Michael Paquier <michael@paquier.xyz> writes:
>>> Is there some downside to XML_PARSE_HUGE?
> If one looks at the libxml2 like this mirror at [1], it is possible to
> see that the flag is only used to lift internal hard limits, for stuff
> like XML_MAX_TEXT_LENGTH and XML_MAX_NAME_LENGTH for size control, or
> max node depths.
I dug through those sources and I concur that mostly, setting that
flag just results in replacing arbitrary hard-coded limits with higher
arbitrary hard-coded limits. The one place I found where it looks
like the clamps come off entirely is that the XML_MAX_DICTIONARY_LIMIT
on the number of entries in a dictionary is replaced by "unlimited".
Given that in our usage the input string will be limited to 1GB, the
number of entries you could possibly create is still pretty finite.
> Knowing that we have full control of the memory contexts for the XML
> nodes, just enforcing the huge flag does not seem like there's any
> downside for us. (Right?)
Blowing out a backend's memory or CPU consumption is not something
we try hard to prevent, so I'm not terribly worried on that score.

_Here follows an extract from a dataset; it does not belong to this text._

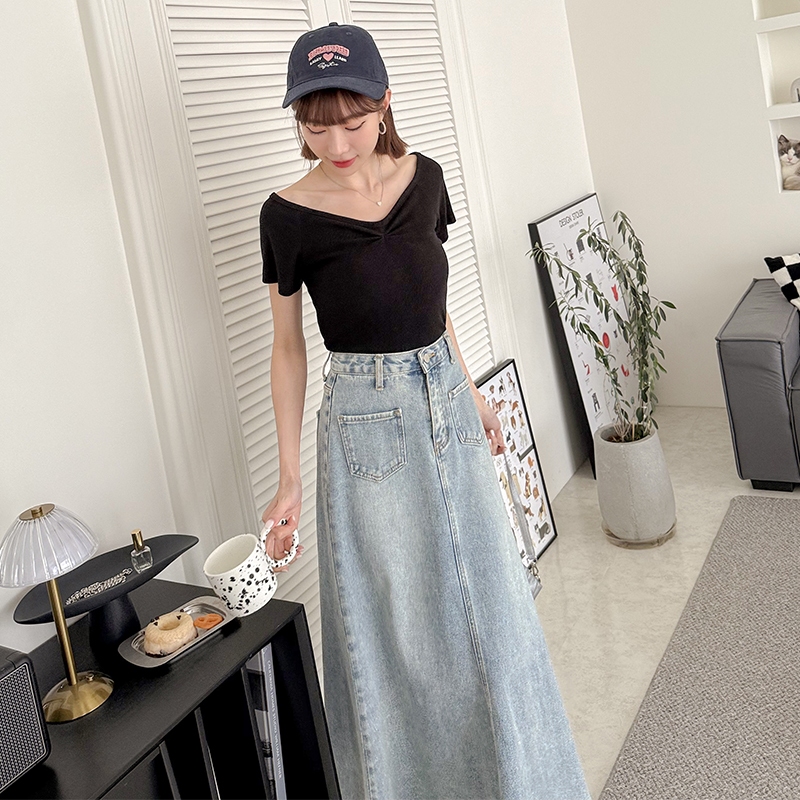 【HARPER】品牌自訂h.co涼夏順身牛仔長裙 | 現貨 裙子 涼感 牛仔裙 長裙【SKZ78034J】藍,S|藍,M|藍,LHARPER

The one thing I'm concerned about is that raising these limits could
make bugs (like integer overflow problems) reachable that were not
otherwise, and that such bugs might rise to the level of security
problems. They've had such issues before (CVE-2022-40303) and it'd be
foolish to be sure that none remain. Still, that's clearly their bug
not our bug.
On the whole I'm not too worried, and even if I were, I doubt that
an enabling GUC would be the answer. We'd have to make it SUSET
and default to off for it to be a credible security defense, and that
seems like an excessive amount of paranoia. Besides, I believe that
downstream packagers who don't trust libxml2 are already just building
PG without XML support.
regards, tom lane